FIG. 7 illustrates the waveforms of the voltage VAK, the current IAK and the current ILED. Since the voltage VAK is associated with the rectified AC voltage VAC whose value varies periodically with time, a cycle between t0-t6 is used for illustration, wherein the period between t0-t3 is the rising period of the rectified AC voltage VAC and the period between t3-t6 is the falling period of the rectified AC voltage VAC. Between t0-t1 when the voltage VAK gradually increases, the two-terminal current controller 120 is first turned on, after which the current IAK increases with the voltage VAK in a specific manner and the current ILED is maintained at substantially zero. Between t1-t2 when the voltage VAK is larger than the voltage VDROP, the two-terminal current controller 120 is configured to limit the current IAK to the maximum current IMAX, and the current ILED remains substantially zero since the luminescent device 10 is still turned off.
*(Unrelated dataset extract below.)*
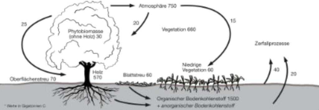 - dass der Gehölzschnitt bei Hecken als nachwachsender Energierohstoff genutzt wird, sich unter den Gehölzen Humus anreichert und damit CO2 im Boden gebunden wird und

Between t2-t4 when the voltage VAK is larger than the voltage VOFF—TH, the two-terminal current controller 120 is turned off and the current associated with the rectified AC voltage VAC thus flows through the luminescent device 10. Therefore, the current IAK is reduced to zero, and the current ILED changes with the voltage VAK. Between t4-t5 when the voltage VAK drops to a value between the voltage VDROP and the voltage VOFF—TH, the two-terminal current controller 120 is turned on, thereby limiting the current IAK to the maximum current IMAX and maintaining the current ILED at substantially zero. Between t5-t6 when the voltage VAK drops below the voltage VDROP, the current IAK decreases with the voltage VAK in a specific manner.
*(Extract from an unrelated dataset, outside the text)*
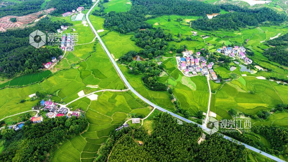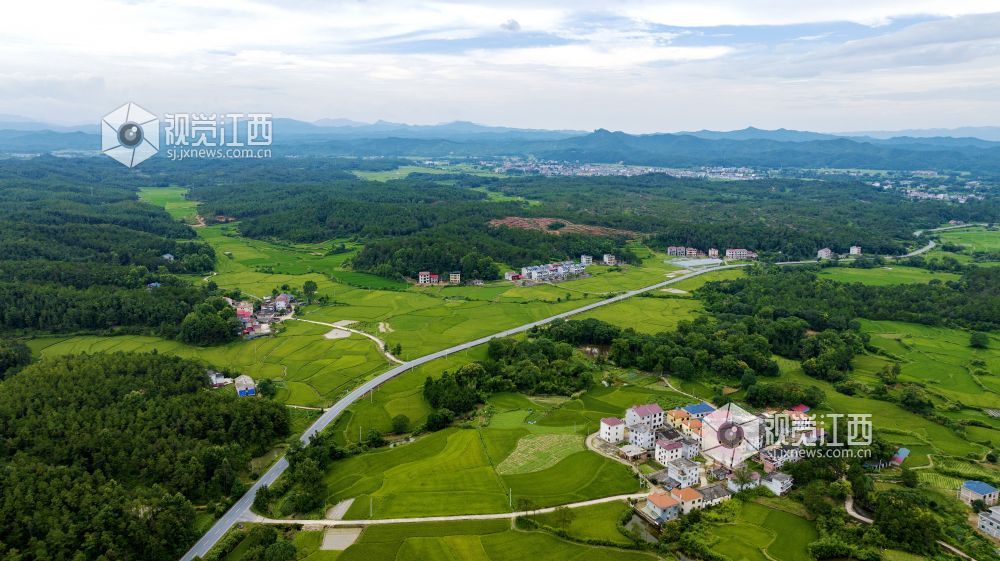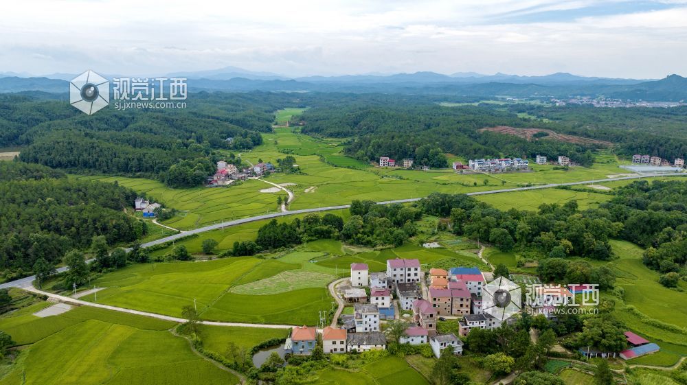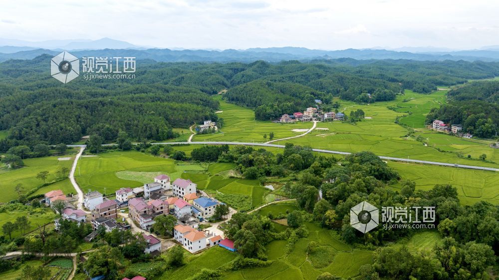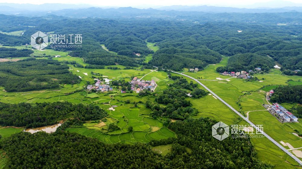 2024年6月19日,江西省吉安市吉水县白沙镇河口村绿意盎然,山林、田园、道路、民舍交相辉映,构成一幅秀美的乡村生态画卷。

If the power supply circuit 110 somehow fluctuates and the rectified AC voltage VAC is raised above its upper design limit VMAX (such as during t7-t8), this overvoltage may cause overcurrent to damage the luminescent device 10 and may create extra heat. In the present invention, the impedance device ZL may function as a current limiter capable of preventing the luminescent device 10 from possible damages due to overcurrent and improving heat dissipation.
FIG. 8 is a diagram of an illustrated embodiment of the two-terminal current controller 120. In this embodiment, the two-terminal current controller 120 includes a switch QN, a control circuit 50, a current-detecting circuit 60, and a voltage-detecting circuit 70. The switch QN may include a field effect transistor (FET), a bipolar junction transistor (BJT) or other devices having similar function. In FIG. 5, an N-type metal-oxide-semiconductor (NMOS) transistor is used for illustration, but does not limit the scope of the present invention. With the gate coupled to the control circuit 50 for receiving a turn-on voltage Vg, the drain-to-source voltage, the gate-to-source voltage and the threshold voltage of the switch QN are represented by VDS, VGS and VTH, respectively. When the switch QN operates in the linear region, its drain current is mainly determined by the drain-to-source voltage VDS; when the switch QN operates in the saturation region, its drain current is only related to the gate-to-source voltage VGS.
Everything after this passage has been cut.